Using the entries that follow, transcribe only the lines from the line with "Предназначен для использования" to the line with "研究生培养 >> 导师介绍 >> 陈陆霞", both included, exactly as they stand and without pictures.

▸ **EXTRACTED ENTRIES**:
☆ ☆ ☆ ☆

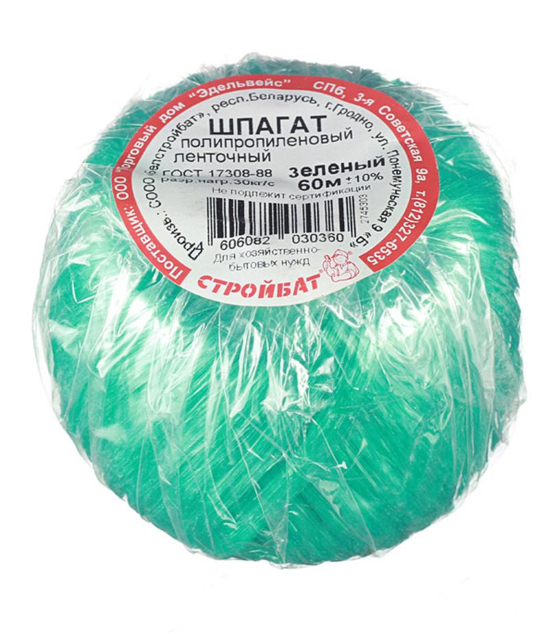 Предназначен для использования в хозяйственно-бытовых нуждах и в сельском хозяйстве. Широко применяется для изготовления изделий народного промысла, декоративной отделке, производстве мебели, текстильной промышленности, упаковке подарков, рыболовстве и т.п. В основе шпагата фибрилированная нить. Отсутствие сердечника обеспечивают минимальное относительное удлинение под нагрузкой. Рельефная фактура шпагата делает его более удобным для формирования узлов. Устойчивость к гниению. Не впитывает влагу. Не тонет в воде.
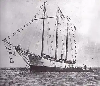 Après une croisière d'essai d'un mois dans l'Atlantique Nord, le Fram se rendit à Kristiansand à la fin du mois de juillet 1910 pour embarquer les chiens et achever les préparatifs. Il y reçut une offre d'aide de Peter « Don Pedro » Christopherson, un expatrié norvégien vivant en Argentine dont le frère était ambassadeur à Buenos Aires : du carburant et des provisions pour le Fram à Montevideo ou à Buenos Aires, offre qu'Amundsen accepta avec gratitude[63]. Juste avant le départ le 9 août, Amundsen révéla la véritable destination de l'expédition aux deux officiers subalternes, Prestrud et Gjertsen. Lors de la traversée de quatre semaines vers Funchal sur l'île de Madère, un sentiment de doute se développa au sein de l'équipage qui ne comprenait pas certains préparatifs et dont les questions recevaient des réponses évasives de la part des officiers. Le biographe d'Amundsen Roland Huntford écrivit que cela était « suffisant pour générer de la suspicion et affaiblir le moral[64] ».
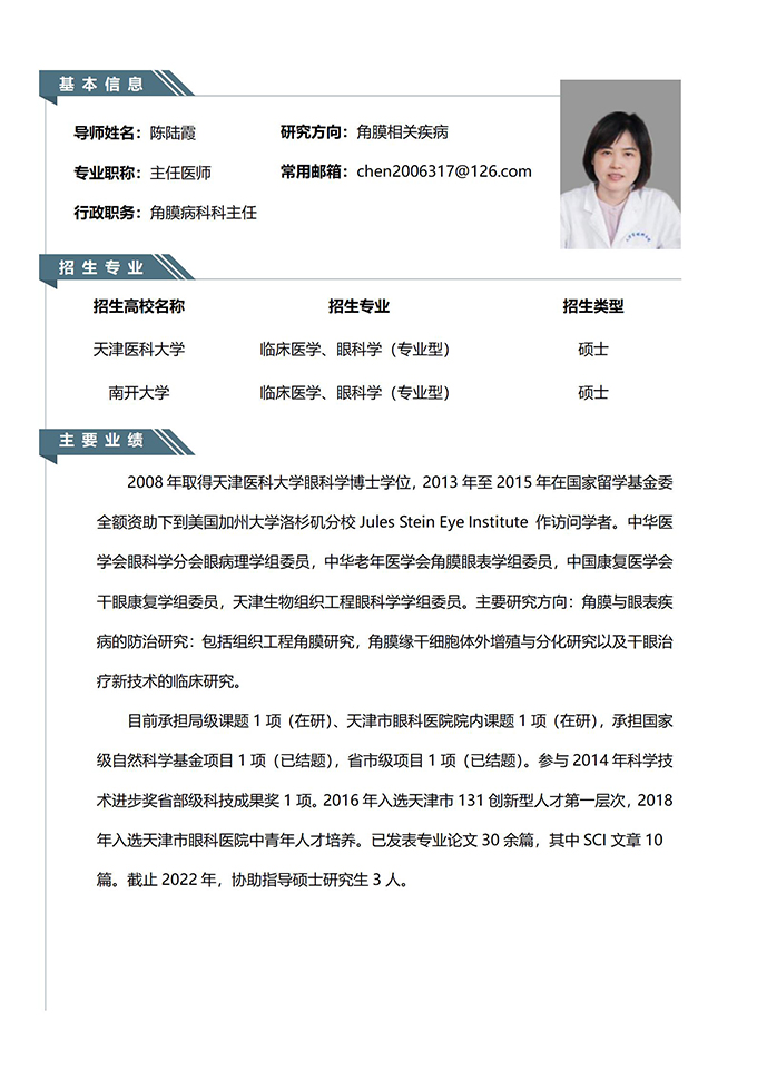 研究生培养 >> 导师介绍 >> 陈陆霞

☆ ☆ ☆ ☆

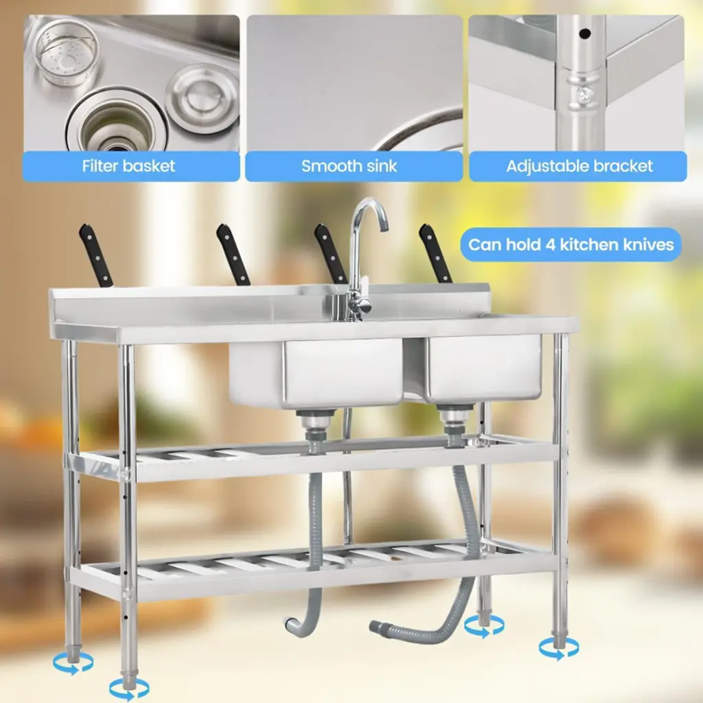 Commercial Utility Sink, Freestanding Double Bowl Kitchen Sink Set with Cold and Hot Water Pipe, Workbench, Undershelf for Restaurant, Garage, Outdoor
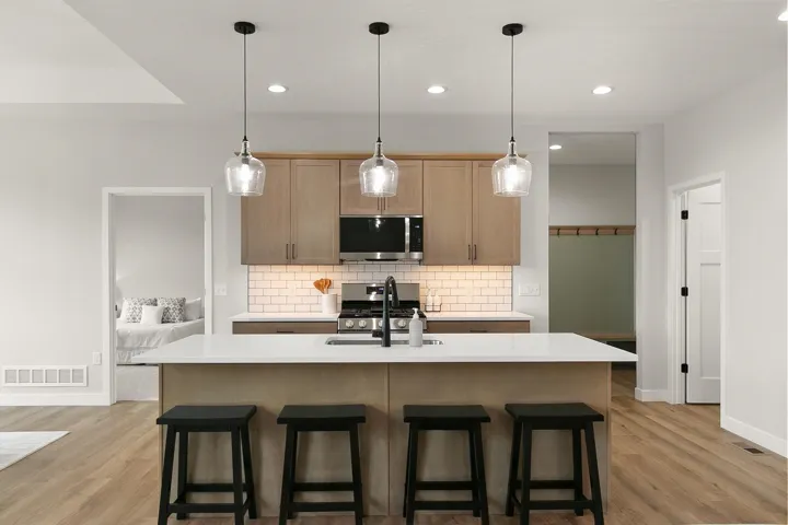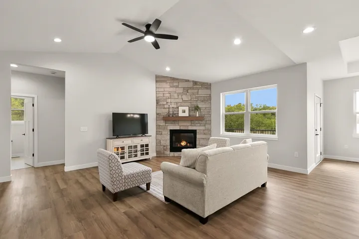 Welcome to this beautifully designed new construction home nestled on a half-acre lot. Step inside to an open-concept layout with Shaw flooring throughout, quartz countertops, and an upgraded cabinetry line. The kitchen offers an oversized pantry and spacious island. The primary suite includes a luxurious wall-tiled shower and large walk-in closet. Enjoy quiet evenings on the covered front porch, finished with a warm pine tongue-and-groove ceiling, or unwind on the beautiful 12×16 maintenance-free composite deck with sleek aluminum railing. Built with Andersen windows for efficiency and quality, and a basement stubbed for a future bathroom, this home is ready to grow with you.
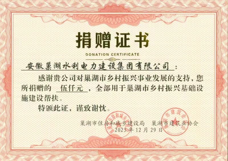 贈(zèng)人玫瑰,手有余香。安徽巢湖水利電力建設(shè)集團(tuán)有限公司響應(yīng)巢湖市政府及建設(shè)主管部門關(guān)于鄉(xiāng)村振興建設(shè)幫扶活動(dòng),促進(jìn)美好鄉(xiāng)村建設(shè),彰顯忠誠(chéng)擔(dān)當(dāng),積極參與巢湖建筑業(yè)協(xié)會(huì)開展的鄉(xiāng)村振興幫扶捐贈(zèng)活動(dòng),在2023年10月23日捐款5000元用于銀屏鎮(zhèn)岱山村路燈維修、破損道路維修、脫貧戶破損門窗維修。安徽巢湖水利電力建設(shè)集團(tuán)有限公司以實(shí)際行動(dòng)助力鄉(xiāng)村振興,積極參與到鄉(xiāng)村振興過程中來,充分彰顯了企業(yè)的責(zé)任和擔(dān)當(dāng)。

☆ ☆ ☆ ☆

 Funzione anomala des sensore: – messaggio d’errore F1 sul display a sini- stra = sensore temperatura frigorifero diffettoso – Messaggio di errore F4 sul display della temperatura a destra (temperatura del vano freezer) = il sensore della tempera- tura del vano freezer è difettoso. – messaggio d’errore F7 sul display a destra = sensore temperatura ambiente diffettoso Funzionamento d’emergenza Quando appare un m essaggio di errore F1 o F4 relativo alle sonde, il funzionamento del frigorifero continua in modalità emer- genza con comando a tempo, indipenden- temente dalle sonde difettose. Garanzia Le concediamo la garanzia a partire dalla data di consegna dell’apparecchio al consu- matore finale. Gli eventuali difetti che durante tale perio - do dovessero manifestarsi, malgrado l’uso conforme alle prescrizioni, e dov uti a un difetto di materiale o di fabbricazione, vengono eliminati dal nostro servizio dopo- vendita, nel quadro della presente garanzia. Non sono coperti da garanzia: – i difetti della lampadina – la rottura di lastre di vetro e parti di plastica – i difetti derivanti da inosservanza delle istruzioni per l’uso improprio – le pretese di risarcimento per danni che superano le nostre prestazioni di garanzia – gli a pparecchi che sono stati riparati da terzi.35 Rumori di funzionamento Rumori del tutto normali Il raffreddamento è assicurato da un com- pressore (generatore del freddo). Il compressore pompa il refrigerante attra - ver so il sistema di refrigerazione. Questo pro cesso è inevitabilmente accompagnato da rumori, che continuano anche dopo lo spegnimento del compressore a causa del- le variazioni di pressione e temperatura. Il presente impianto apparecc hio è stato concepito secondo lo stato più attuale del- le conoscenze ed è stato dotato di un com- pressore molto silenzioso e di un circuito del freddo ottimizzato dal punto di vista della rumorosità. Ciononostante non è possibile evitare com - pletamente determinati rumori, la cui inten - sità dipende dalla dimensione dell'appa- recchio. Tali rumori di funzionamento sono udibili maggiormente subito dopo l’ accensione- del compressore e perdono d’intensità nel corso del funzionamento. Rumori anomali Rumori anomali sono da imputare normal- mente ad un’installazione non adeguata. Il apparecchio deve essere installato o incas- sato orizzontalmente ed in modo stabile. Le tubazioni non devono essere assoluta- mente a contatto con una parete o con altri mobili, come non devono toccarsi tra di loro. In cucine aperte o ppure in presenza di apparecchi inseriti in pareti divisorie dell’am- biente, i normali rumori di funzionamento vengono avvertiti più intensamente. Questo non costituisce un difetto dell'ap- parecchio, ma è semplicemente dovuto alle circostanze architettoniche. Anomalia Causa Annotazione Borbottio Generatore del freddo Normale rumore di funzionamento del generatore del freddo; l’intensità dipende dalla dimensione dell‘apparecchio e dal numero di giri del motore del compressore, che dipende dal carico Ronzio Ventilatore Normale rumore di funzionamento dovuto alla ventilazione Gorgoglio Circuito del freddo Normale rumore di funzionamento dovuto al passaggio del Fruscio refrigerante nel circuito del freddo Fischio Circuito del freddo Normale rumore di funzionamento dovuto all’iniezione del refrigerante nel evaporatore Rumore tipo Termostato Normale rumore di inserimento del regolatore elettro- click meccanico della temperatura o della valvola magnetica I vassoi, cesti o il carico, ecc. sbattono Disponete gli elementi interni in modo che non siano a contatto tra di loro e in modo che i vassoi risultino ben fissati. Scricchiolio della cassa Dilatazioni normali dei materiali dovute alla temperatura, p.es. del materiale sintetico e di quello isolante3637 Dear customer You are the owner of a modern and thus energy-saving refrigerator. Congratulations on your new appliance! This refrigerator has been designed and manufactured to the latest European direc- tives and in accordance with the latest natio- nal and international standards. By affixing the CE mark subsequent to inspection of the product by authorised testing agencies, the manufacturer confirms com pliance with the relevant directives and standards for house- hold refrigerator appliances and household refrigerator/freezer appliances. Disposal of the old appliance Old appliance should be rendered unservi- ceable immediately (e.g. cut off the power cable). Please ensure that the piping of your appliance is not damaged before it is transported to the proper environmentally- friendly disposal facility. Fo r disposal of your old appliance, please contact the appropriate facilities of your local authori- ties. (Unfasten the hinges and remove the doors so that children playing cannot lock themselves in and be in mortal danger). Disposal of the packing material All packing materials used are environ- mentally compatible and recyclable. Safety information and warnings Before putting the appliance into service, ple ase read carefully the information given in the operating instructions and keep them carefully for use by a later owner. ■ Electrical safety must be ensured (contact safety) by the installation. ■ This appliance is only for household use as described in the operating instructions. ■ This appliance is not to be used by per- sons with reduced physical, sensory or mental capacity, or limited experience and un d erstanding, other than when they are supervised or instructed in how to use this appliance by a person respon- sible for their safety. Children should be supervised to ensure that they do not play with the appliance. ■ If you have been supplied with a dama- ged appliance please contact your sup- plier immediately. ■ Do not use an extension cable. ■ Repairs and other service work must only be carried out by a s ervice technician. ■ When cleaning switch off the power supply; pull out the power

☆ ☆ ☆ ☆

▸ **SOLUTION**:
 Предназначен для использования в хозяйственно-бытовых нуждах и в сельском хозяйстве. Широко применяется для изготовления изделий народного промысла, декоративной отделке, производстве мебели, текстильной промышленности, упаковке подарков, рыболовстве и т.п. В основе шпагата фибрилированная нить. Отсутствие сердечника обеспечивают минимальное относительное удлинение под нагрузкой. Рельефная фактура шпагата делает его более удобным для формирования узлов. Устойчивость к гниению. Не впитывает влагу. Не тонет в воде.
 Après une croisière d'essai d'un mois dans l'Atlantique Nord, le Fram se rendit à Kristiansand à la fin du mois de juillet 1910 pour embarquer les chiens et achever les préparatifs. Il y reçut une offre d'aide de Peter « Don Pedro » Christopherson, un expatrié norvégien vivant en Argentine dont le frère était ambassadeur à Buenos Aires : du carburant et des provisions pour le Fram à Montevideo ou à Buenos Aires, offre qu'Amundsen accepta avec gratitude[63]. Juste avant le départ le 9 août, Amundsen révéla la véritable destination de l'expédition aux deux officiers subalternes, Prestrud et Gjertsen. Lors de la traversée de quatre semaines vers Funchal sur l'île de Madère, un sentiment de doute se développa au sein de l'équipage qui ne comprenait pas certains préparatifs et dont les questions recevaient des réponses évasives de la part des officiers. Le biographe d'Amundsen Roland Huntford écrivit que cela était « suffisant pour générer de la suspicion et affaiblir le moral[64] ».
 研究生培养 >> 导师介绍 >> 陈陆霞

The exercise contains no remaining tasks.